## TRY IT:
The task requires repeating, word for word, the lines from the one with "Students at play" through the end of the material, leaving out all pictures.

= = =

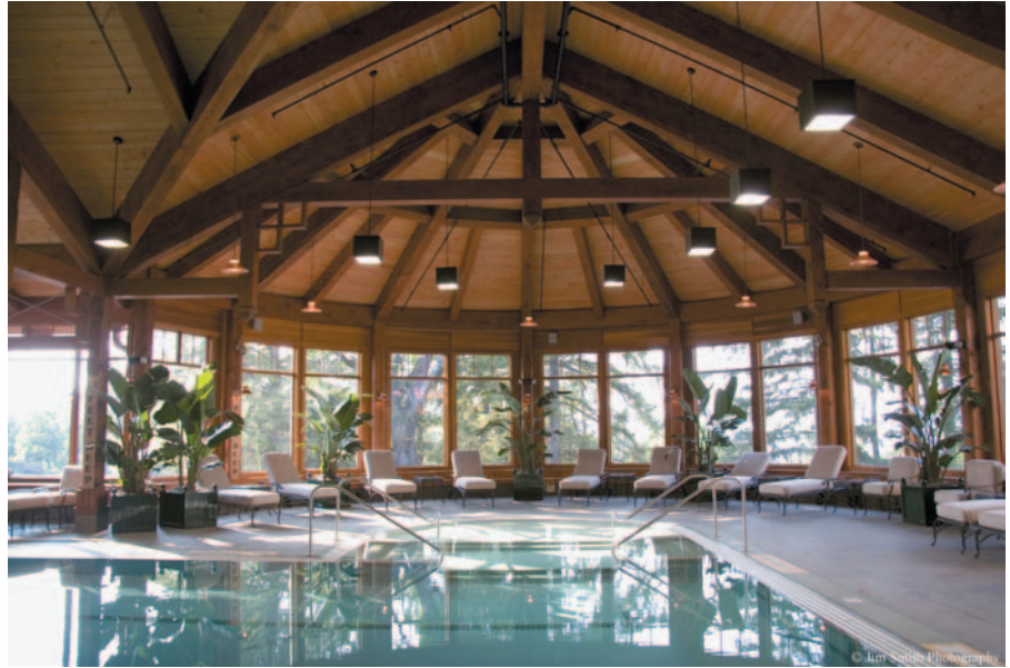
The Spa at Mohonk Mountain House, New Paltz, New York.
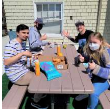
Enjoying a Spring picnic in our Covid patio while still in quarantine, April 2021
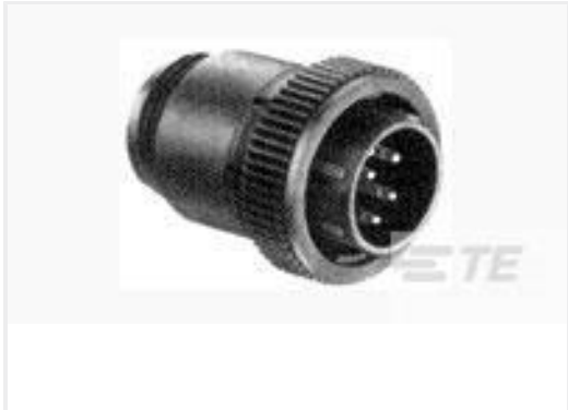
TE Part #211768-1 CPC PLUG ASSEMBLY SIZE 17-9
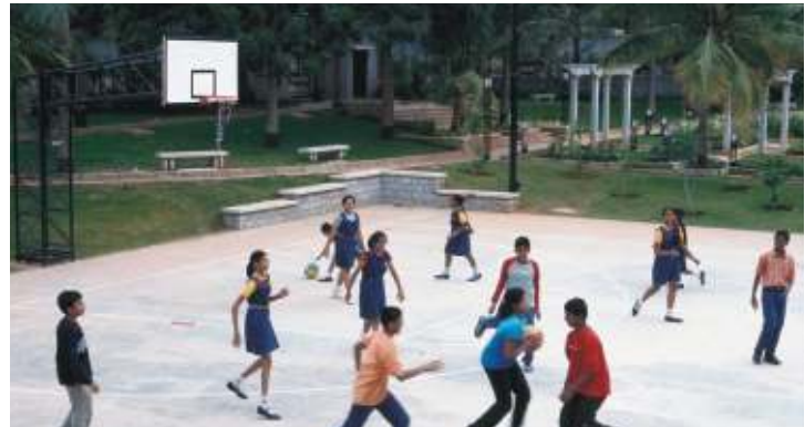
Students at play in the floodlit basketball court in Millennium Park
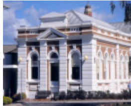
h01284 1 east gippsland regional library service street bairnsdale main entrance she project 2003

= = =

## SOLVED EXERCISE:
Students at play in the floodlit basketball court in Millennium Park
h01284 1 east gippsland regional library service street bairnsdale main entrance she project 2003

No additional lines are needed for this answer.